> **Stored data**:
● ● ● ●

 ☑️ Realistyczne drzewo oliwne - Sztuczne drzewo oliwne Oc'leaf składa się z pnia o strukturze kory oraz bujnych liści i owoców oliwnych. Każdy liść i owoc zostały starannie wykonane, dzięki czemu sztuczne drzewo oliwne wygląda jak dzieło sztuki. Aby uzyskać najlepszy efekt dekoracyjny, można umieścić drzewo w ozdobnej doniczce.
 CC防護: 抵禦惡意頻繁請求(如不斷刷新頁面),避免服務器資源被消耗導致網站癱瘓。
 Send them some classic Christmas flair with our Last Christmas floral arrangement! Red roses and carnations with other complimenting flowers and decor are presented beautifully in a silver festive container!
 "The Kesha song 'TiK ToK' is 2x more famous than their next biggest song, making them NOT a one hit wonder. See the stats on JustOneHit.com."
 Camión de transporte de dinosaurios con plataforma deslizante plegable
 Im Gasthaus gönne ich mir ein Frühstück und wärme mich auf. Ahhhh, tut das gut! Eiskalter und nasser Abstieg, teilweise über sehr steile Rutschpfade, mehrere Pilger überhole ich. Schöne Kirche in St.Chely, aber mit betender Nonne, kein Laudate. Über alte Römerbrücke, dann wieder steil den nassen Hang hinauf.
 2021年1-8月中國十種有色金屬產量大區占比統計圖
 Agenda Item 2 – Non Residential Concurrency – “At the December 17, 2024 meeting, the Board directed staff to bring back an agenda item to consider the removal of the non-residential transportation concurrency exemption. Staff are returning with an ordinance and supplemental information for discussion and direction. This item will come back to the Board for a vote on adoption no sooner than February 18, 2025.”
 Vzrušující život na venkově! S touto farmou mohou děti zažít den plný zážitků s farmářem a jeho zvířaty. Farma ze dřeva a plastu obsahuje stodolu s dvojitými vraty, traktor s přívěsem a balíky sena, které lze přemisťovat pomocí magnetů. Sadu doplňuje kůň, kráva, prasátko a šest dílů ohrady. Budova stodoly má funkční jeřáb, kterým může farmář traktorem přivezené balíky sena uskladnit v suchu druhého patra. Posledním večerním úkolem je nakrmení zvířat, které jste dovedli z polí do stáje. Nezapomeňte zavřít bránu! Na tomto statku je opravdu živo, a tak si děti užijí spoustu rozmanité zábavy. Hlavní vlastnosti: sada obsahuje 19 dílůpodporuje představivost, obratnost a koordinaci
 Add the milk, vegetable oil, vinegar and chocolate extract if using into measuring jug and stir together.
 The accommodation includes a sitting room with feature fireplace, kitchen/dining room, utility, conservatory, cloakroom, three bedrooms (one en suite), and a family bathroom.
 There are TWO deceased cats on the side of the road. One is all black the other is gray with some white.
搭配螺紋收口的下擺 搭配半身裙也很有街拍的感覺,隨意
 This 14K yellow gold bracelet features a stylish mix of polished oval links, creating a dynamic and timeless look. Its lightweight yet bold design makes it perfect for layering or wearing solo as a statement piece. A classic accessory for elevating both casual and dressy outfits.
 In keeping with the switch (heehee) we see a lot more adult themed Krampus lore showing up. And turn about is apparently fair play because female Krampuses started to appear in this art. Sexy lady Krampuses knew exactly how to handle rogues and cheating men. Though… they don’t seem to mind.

● ● ● ●

> **Work task**: Which lines above run from the one containing "CC防護: 抵禦惡意頻繁請求" down to the one containing "Kesha song 'TiK"? Repeat exactly those, both ends included, and nothing else.

> **Output for this exercise**:
 CC防護: 抵禦惡意頻繁請求(如不斷刷新頁面),避免服務器資源被消耗導致網站癱瘓。
 Send them some classic Christmas flair with our Last Christmas floral arrangement! Red roses and carnations with other complimenting flowers and decor are presented beautifully in a silver festive container!
 "The Kesha song 'TiK ToK' is 2x more famous than their next biggest song, making them NOT a one hit wonder. See the stats on JustOneHit.com."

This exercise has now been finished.